» **Supplied information**
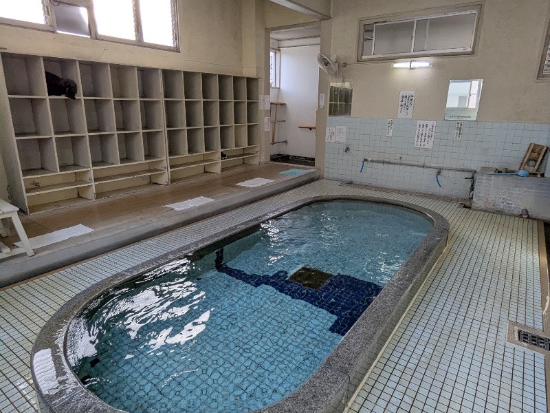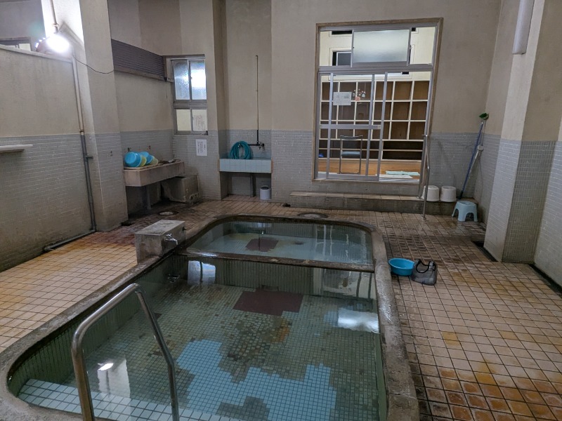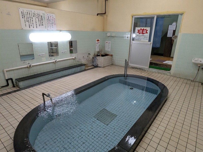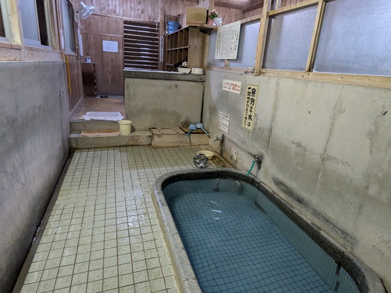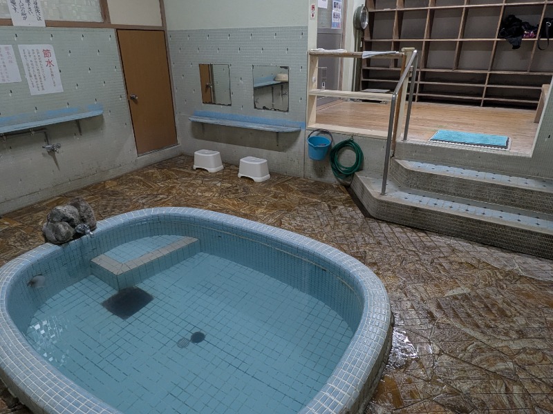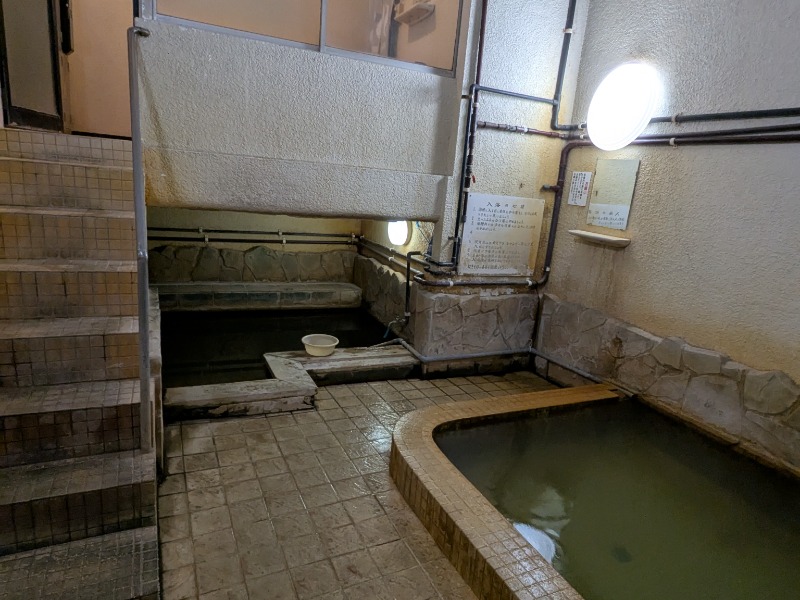 あつ湯の熱源側から熱い湯が出ており44℃程、ありがたい!途中から来た4人組の学生達がアチ〜アチ〜言ってうるさかった。温湯あるんだから入んなきゃいいのに。
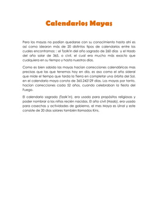 La civilización Maya tuvo grandes avances en matemáticas e ideó sistemas calendáricos más precisos que los actuales. Desarrollaron un sistema numérico de base veinte con el cinco como base auxiliar y crearon más de 20 calendarios, incluyendo el Tzolk'in de 260 días para propósitos religiosos y el Haab de 365 días para cosechas y gobierno. Los Mayas hacían correcciones calendáricas cada 52 años que eran más precisas que las actuales.
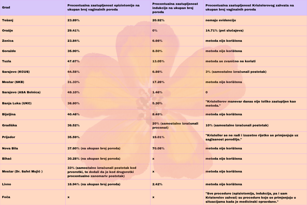 Iskustvo naše sagovornice nije rijetkost. Svjedočenja žena koje prikupljaju nevladine organizacije ukazuju na to da se u bolnicama širom Bosne i Hercegovine i dalje rutinski i nepažljivo koriste akušerske procedure kao što su epiziotomija, nalijeganje na stomak ili ubrzavanje poroda. Za potrebe ovog istraživanja upiti o zastupljenosti pojedinih akušerskih procedura poslati su bolnicama širom BiH, a podaci koje je dio porodilišta dostavio variraju i ukazuju na nepostojanje ujednačenog pristupa porodu.

» **About this task**
In your reply, please print exactly the lines from the one with "La civilización Maya" through the final line of the listing above, both included, and no pictures.

» **The completed task**
 La civilización Maya tuvo grandes avances en matemáticas e ideó sistemas calendáricos más precisos que los actuales. Desarrollaron un sistema numérico de base veinte con el cinco como base auxiliar y crearon más de 20 calendarios, incluyendo el Tzolk'in de 260 días para propósitos religiosos y el Haab de 365 días para cosechas y gobierno. Los Mayas hacían correcciones calendáricas cada 52 años que eran más precisas que las actuales.
 Iskustvo naše sagovornice nije rijetkost. Svjedočenja žena koje prikupljaju nevladine organizacije ukazuju na to da se u bolnicama širom Bosne i Hercegovine i dalje rutinski i nepažljivo koriste akušerske procedure kao što su epiziotomija, nalijeganje na stomak ili ubrzavanje poroda. Za potrebe ovog istraživanja upiti o zastupljenosti pojedinih akušerskih procedura poslati su bolnicama širom BiH, a podaci koje je dio porodilišta dostavio variraju i ukazuju na nepostojanje ujednačenog pristupa porodu.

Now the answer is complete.